After finding the line that holds "Close Up of" below, set down that line and the rest through the final one exactly, leaving the pictures out.

> [Source data]:
-=-=-=-=-

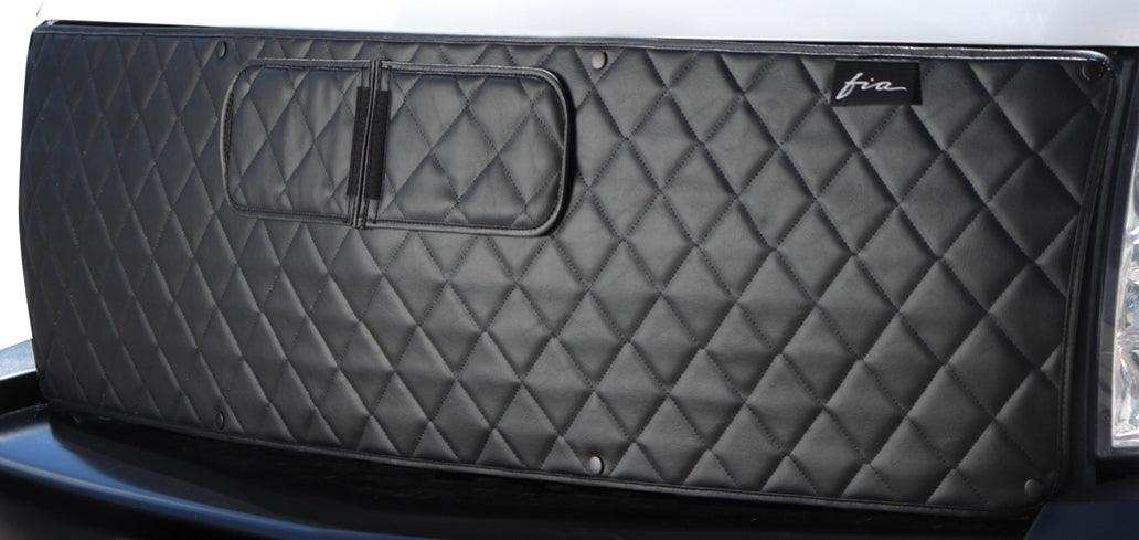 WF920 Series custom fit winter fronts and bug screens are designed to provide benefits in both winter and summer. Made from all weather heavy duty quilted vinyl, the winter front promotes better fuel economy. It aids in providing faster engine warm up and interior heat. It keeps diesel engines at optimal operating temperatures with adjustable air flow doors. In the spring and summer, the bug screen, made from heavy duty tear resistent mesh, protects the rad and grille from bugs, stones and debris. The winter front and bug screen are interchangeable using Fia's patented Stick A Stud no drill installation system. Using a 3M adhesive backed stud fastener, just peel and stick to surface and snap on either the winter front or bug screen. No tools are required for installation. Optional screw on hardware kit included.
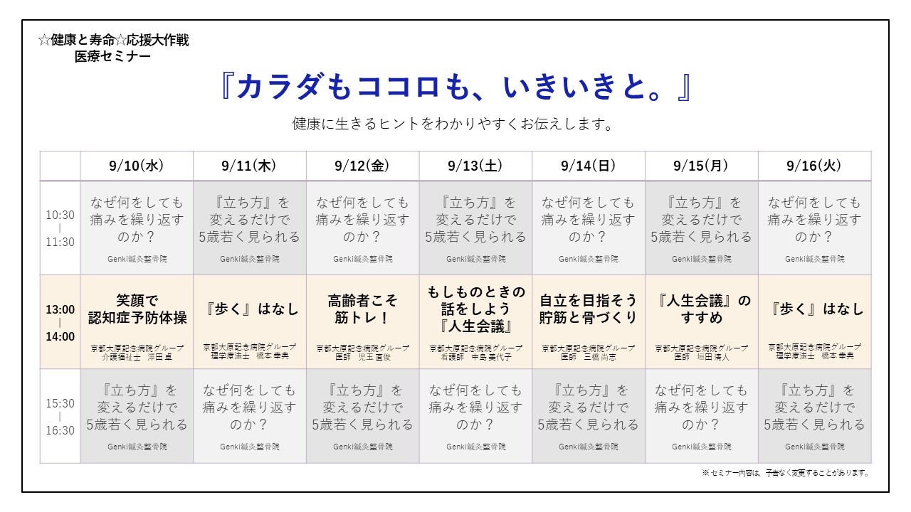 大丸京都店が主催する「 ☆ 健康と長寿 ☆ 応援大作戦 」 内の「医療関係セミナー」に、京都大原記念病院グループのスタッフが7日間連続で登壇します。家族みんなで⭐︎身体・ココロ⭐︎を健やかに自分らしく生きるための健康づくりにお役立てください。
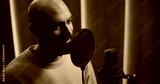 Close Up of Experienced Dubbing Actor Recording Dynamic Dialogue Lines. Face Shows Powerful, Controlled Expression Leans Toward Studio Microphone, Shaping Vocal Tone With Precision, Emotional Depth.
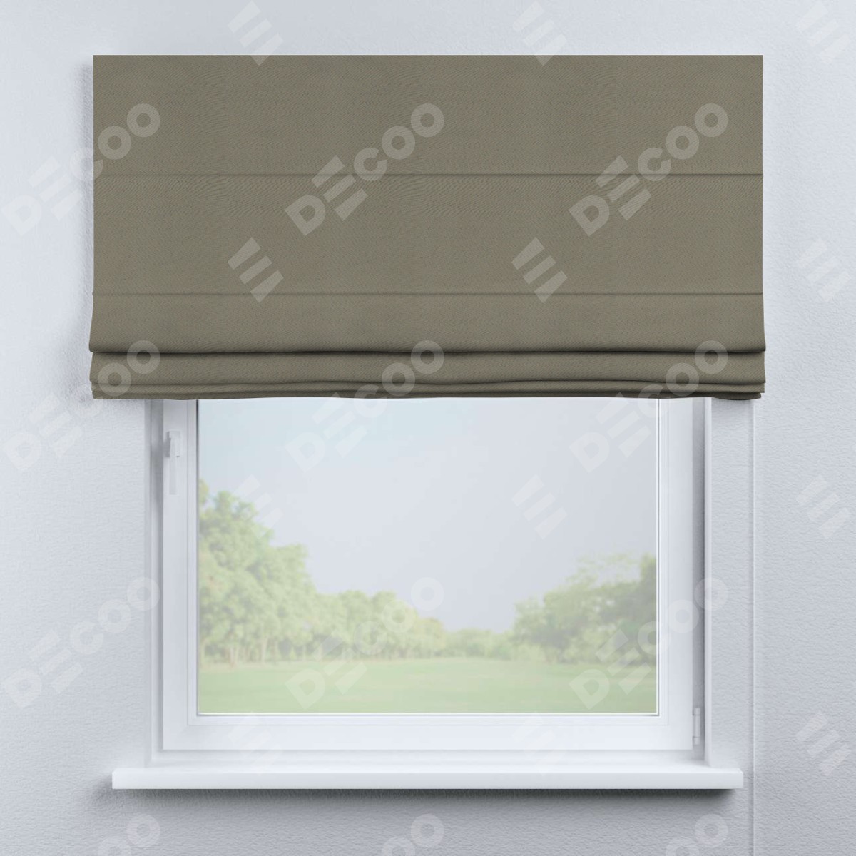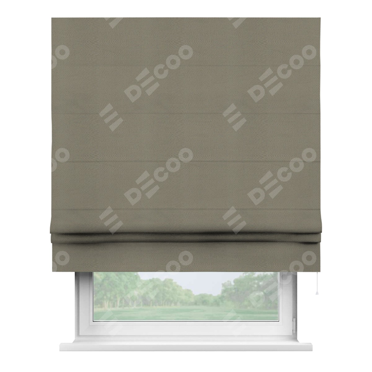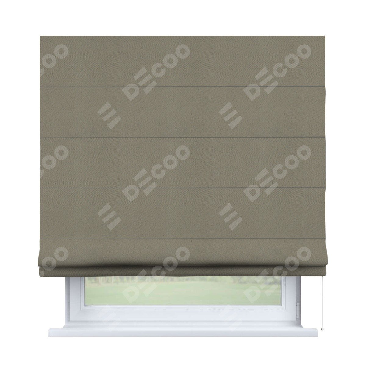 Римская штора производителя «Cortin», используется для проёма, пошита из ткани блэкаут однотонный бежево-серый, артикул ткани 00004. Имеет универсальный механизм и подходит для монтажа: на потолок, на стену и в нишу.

-=-=-=-=-

> [Solution to this exercise]:
 Close Up of Experienced Dubbing Actor Recording Dynamic Dialogue Lines. Face Shows Powerful, Controlled Expression Leans Toward Studio Microphone, Shaping Vocal Tone With Precision, Emotional Depth.
 Римская штора производителя «Cortin», используется для проёма, пошита из ткани блэкаут однотонный бежево-серый, артикул ткани 00004. Имеет универсальный механизм и подходит для монтажа: на потолок, на стену и в нишу.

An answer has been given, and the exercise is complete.